=== Available data ===
◇ ◇ ◇ ◇ ◇

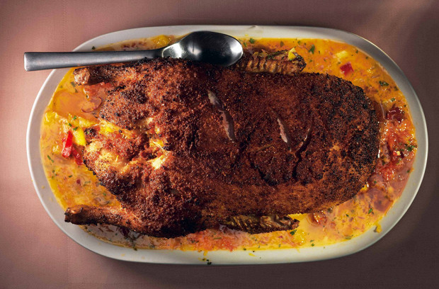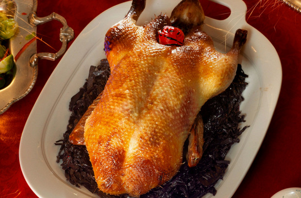 Целая утка, которую готовят, предварительно засолив. Время, проведенное в рассоле, делает мясо утки довольно нежным и ароматным (за счет ярких парфюмерных специй). Без лишних фокусов, с классическим гарниром — эта утка, может, и не наделает фурора за вашим столом, но это спокойное, монументальное и гарантированное удовольствие.
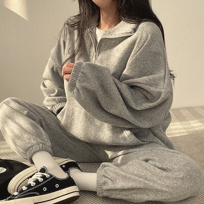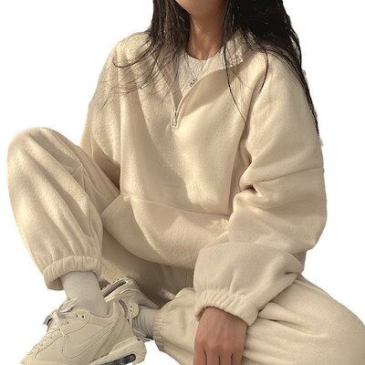 秋冬 セットアップ 裏起毛 長袖 おしゃれ レディース トップス パーカー ズボン 二点セット 運動 韓国ファッション スウェット セットアップ
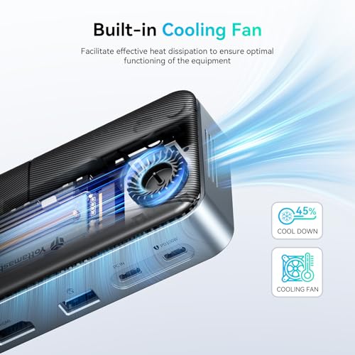 Yottamaster USB C Hub Case SSD M2, Docking Station USB 3.2 Gen2 10 in 1 10 Gbps 4K@60 Hz HDMI, PD 100 W, Lettore di schede SD/TF3.0, Ethernet, Supporto 8TB 2230/2242/2260/2280 SSD per Windows, Mac
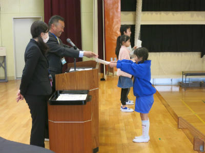 第3学期の修了式が行われました。代表児童が、修了証を壇上で受け取ります。
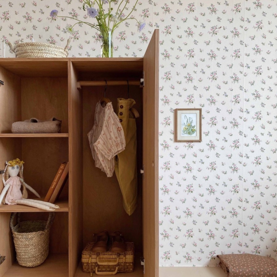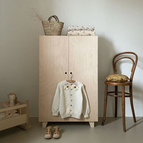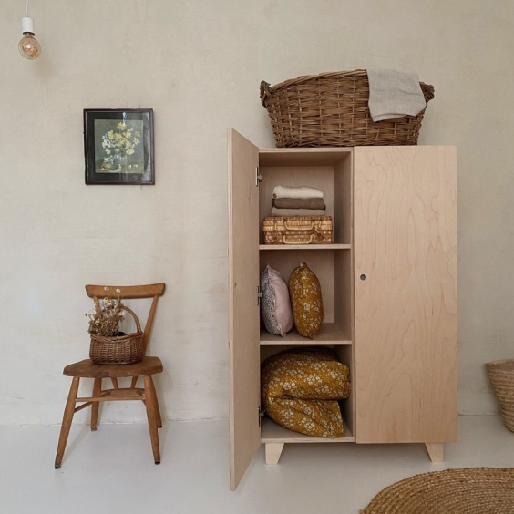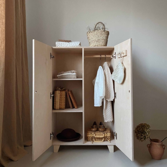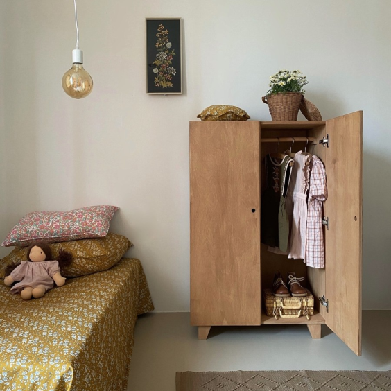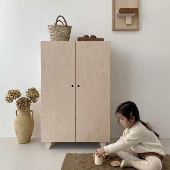 옷 말고도 장난감이나 책을 보관하셔도 되고, 폭이 깊어서 베딩 제품들을 보관해도 좋아요. 옷장 위에는 인형의 집이나 소품들을 올려두어 다양하게 연출할 수 있어 실용적이에요.
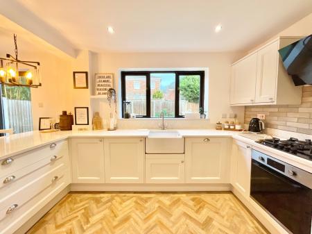 - Open-plan kitchen/dining boasting shaker-style cabinetry, granite worktops, Belfast sink, wine cooler and integrated dishwasher. Spacious living room and convenient utility and W/C.
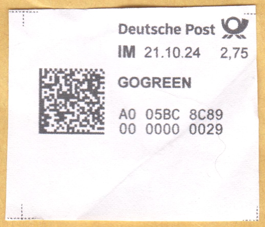 Internetmarke = "IM" am 21.10.2024, Portostufe 2,75 € mit Zusatz GOGREEN:
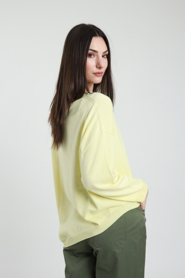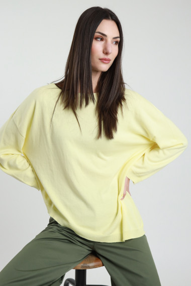 Maglia Rigata in Viscosa + Dettagli Bordi a Costine in Lurex.
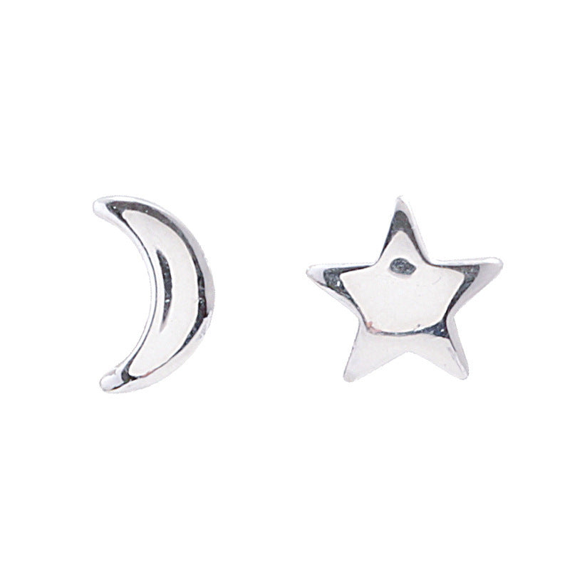This stylish Mini Star Moon Silver Studs Earrings for Women feature an asymmetric design. with star and moon. Perfect for everyday style. the earrings add a subtle sparkle and shine to any look. Made from sterling silver. they are durable. comfortable. and perfect to wear all day long.
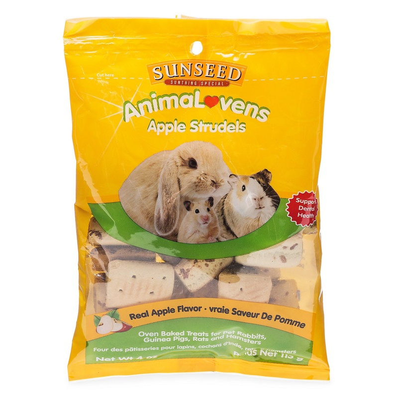Oven-baked natural apple treats with a hard crunchy texture that help with small animals tooth conditioning. AnimaLovens? Apple Strudels are baked for that ideal texture your pet loves and needs to gnaw on to maintain strong healthy teeth. The combination
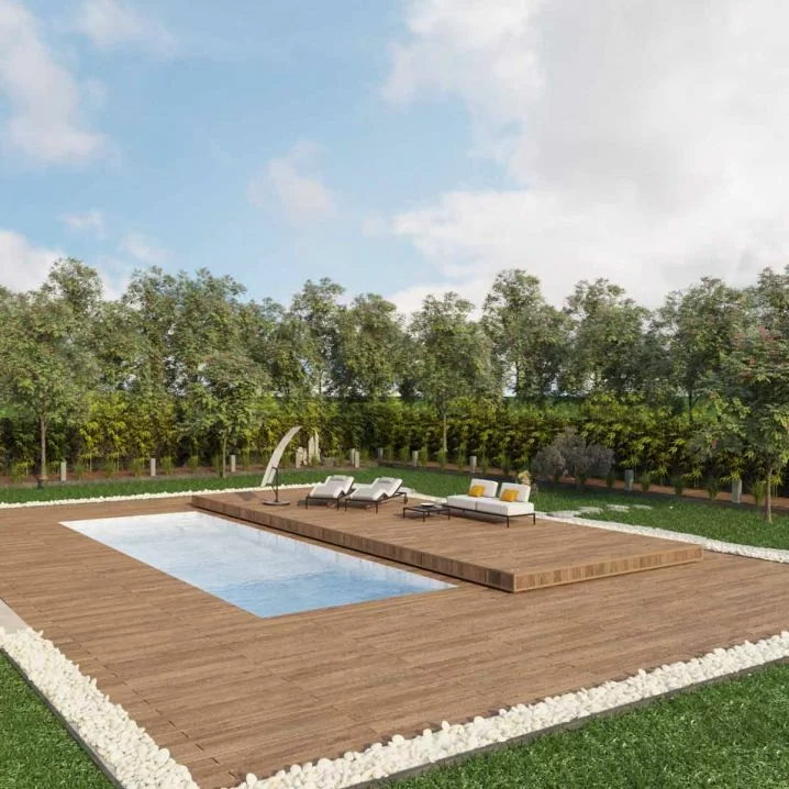 Ідеальний варіант для басейнів шириною до 5 м і довжиною до 10 м. Конструкція з оцинкованої сталі та терасної дошки забезпечує теплоізоляцію та герметичність, перешкоджаючи випаровуванню води.
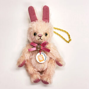 いたずらしそうなおかおのピンクのウサギキーチェーンです。
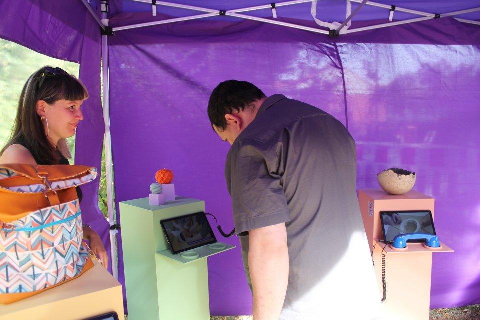 Viele testen mit großer Neugier die bunten, interaktiven Steelen. In den hinterlegten Videos wird dort Schritt für Schritt erklärt, wie einzelne Produkte, die im BFB gefertigt werden, entstehen.
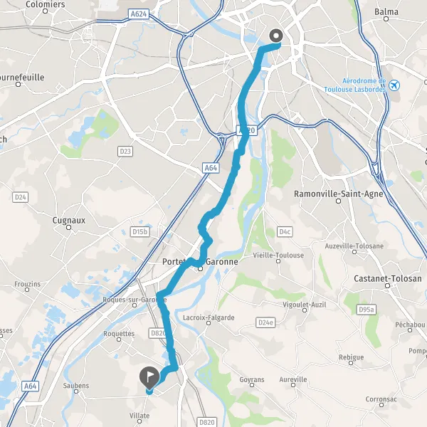Prendre légèrement à droite Allée des Moulins de la Garonne et continuer sur 650 mètres
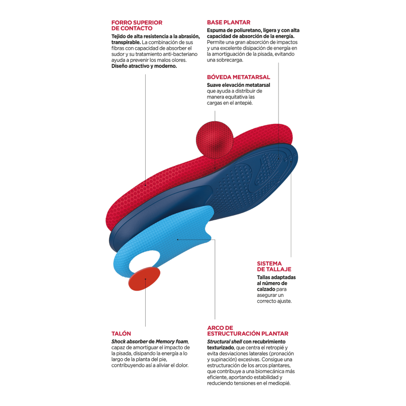 Colocar en sustitución de la plantilla original. Ajustar si es necesario. Introducir con la parte textil hacia arriba. Ventilar tras cada uso.
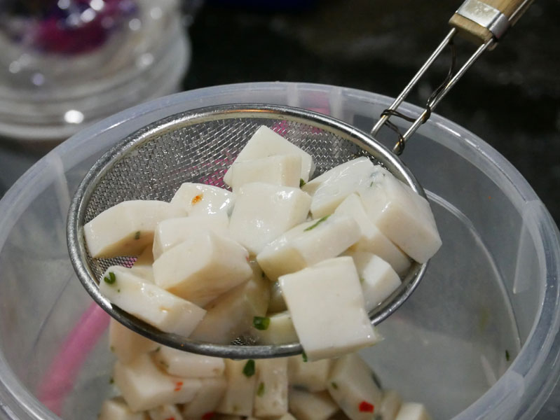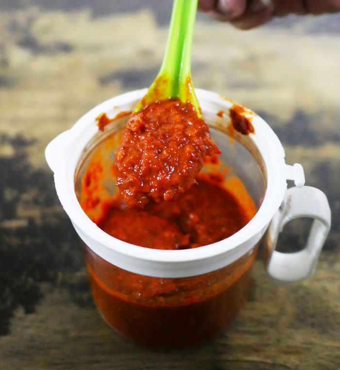 “我每天都会搅3公斤参峇,辣椒和辣椒干一起打,日日新鲜现做,香味才够足。” 简单一句话,却道尽坚持。
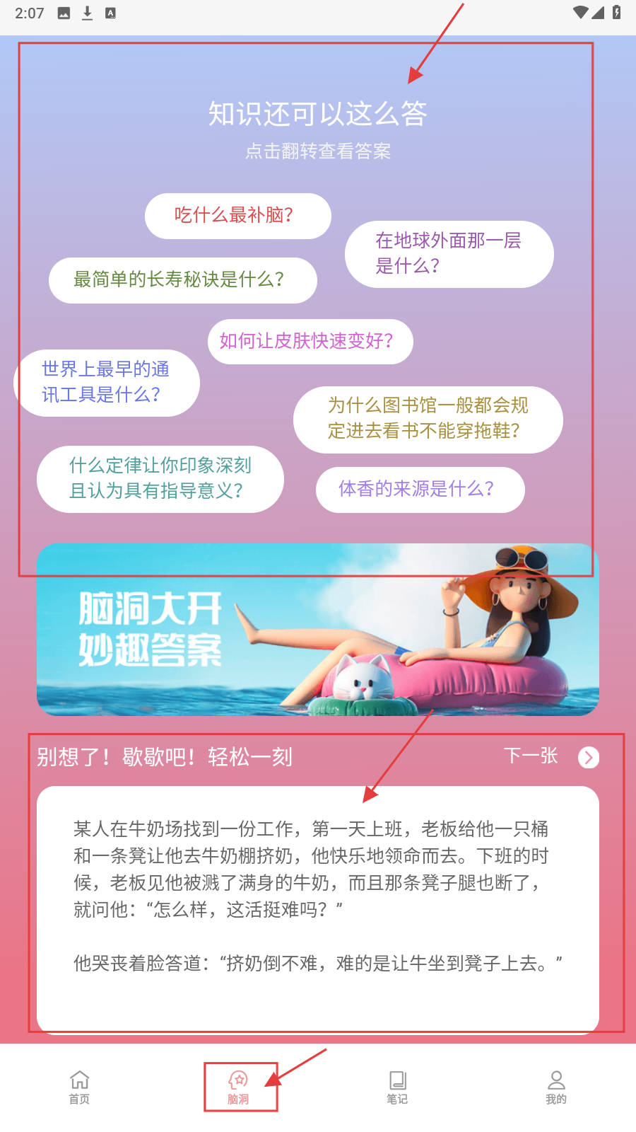 4、逛【脑洞】页,参与【知识还可以这么答】互动,看趣味问答和段子放松。

◇ ◇ ◇ ◇ ◇

Your answer must be an exact copy of the records, with every picture left out.

=== Exercise response ===
 Целая утка, которую готовят, предварительно засолив. Время, проведенное в рассоле, делает мясо утки довольно нежным и ароматным (за счет ярких парфюмерных специй). Без лишних фокусов, с классическим гарниром — эта утка, может, и не наделает фурора за вашим столом, но это спокойное, монументальное и гарантированное удовольствие.
 秋冬 セットアップ 裏起毛 長袖 おしゃれ レディース トップス パーカー ズボン 二点セット 運動 韓国ファッション スウェット セットアップ
 Yottamaster USB C Hub Case SSD M2, Docking Station USB 3.2 Gen2 10 in 1 10 Gbps 4K@60 Hz HDMI, PD 100 W, Lettore di schede SD/TF3.0, Ethernet, Supporto 8TB 2230/2242/2260/2280 SSD per Windows, Mac
 第3学期の修了式が行われました。代表児童が、修了証を壇上で受け取ります。
 옷 말고도 장난감이나 책을 보관하셔도 되고, 폭이 깊어서 베딩 제품들을 보관해도 좋아요. 옷장 위에는 인형의 집이나 소품들을 올려두어 다양하게 연출할 수 있어 실용적이에요.
 - Open-plan kitchen/dining boasting shaker-style cabinetry, granite worktops, Belfast sink, wine cooler and integrated dishwasher. Spacious living room and convenient utility and W/C.
 Internetmarke = "IM" am 21.10.2024, Portostufe 2,75 € mit Zusatz GOGREEN:
 Maglia Rigata in Viscosa + Dettagli Bordi a Costine in Lurex.
This stylish Mini Star Moon Silver Studs Earrings for Women feature an asymmetric design. with star and moon. Perfect for everyday style. the earrings add a subtle sparkle and shine to any look. Made from sterling silver. they are durable. comfortable. and perfect to wear all day long.
Oven-baked natural apple treats with a hard crunchy texture that help with small animals tooth conditioning. AnimaLovens? Apple Strudels are baked for that ideal texture your pet loves and needs to gnaw on to maintain strong healthy teeth. The combination
 Ідеальний варіант для басейнів шириною до 5 м і довжиною до 10 м. Конструкція з оцинкованої сталі та терасної дошки забезпечує теплоізоляцію та герметичність, перешкоджаючи випаровуванню води.
 いたずらしそうなおかおのピンクのウサギキーチェーンです。
 Viele testen mit großer Neugier die bunten, interaktiven Steelen. In den hinterlegten Videos wird dort Schritt für Schritt erklärt, wie einzelne Produkte, die im BFB gefertigt werden, entstehen.
Prendre légèrement à droite Allée des Moulins de la Garonne et continuer sur 650 mètres
 Colocar en sustitución de la plantilla original. Ajustar si es necesario. Introducir con la parte textil hacia arriba. Ventilar tras cada uso.
 “我每天都会搅3公斤参峇,辣椒和辣椒干一起打,日日新鲜现做,香味才够足。” 简单一句话,却道尽坚持。
 4、逛【脑洞】页,参与【知识还可以这么答】互动,看趣味问答和段子放松。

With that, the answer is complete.